**Provided data**
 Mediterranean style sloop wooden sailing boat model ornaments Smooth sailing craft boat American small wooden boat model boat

--

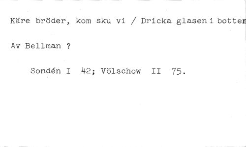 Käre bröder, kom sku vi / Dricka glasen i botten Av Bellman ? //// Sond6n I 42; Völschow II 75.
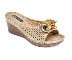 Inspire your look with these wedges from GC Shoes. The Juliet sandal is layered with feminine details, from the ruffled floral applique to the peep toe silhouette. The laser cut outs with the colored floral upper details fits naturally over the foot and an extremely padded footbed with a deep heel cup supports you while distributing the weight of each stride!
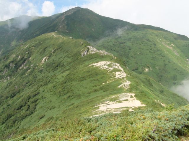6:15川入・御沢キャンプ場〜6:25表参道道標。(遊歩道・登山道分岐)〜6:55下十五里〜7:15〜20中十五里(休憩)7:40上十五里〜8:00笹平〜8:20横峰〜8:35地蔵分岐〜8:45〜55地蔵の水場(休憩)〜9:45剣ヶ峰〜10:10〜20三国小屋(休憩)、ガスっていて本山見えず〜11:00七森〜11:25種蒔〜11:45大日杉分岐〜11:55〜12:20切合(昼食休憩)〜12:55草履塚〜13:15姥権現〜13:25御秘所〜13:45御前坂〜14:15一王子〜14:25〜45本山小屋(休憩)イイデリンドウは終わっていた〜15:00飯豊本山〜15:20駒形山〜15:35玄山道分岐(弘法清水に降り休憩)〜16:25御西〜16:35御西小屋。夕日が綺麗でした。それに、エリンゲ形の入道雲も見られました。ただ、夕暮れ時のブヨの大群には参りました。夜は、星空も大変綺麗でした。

**Directions**
Output exactly the lines above that lie between the line with "Käre bröder, kom" and the line with "Inspire your look", those two lines included, and no pictures.

**Worked solution**
 Käre bröder, kom sku vi / Dricka glasen i botten Av Bellman ? //// Sond6n I 42; Völschow II 75.
 Inspire your look with these wedges from GC Shoes. The Juliet sandal is layered with feminine details, from the ruffled floral applique to the peep toe silhouette. The laser cut outs with the colored floral upper details fits naturally over the foot and an extremely padded footbed with a deep heel cup supports you while distributing the weight of each stride!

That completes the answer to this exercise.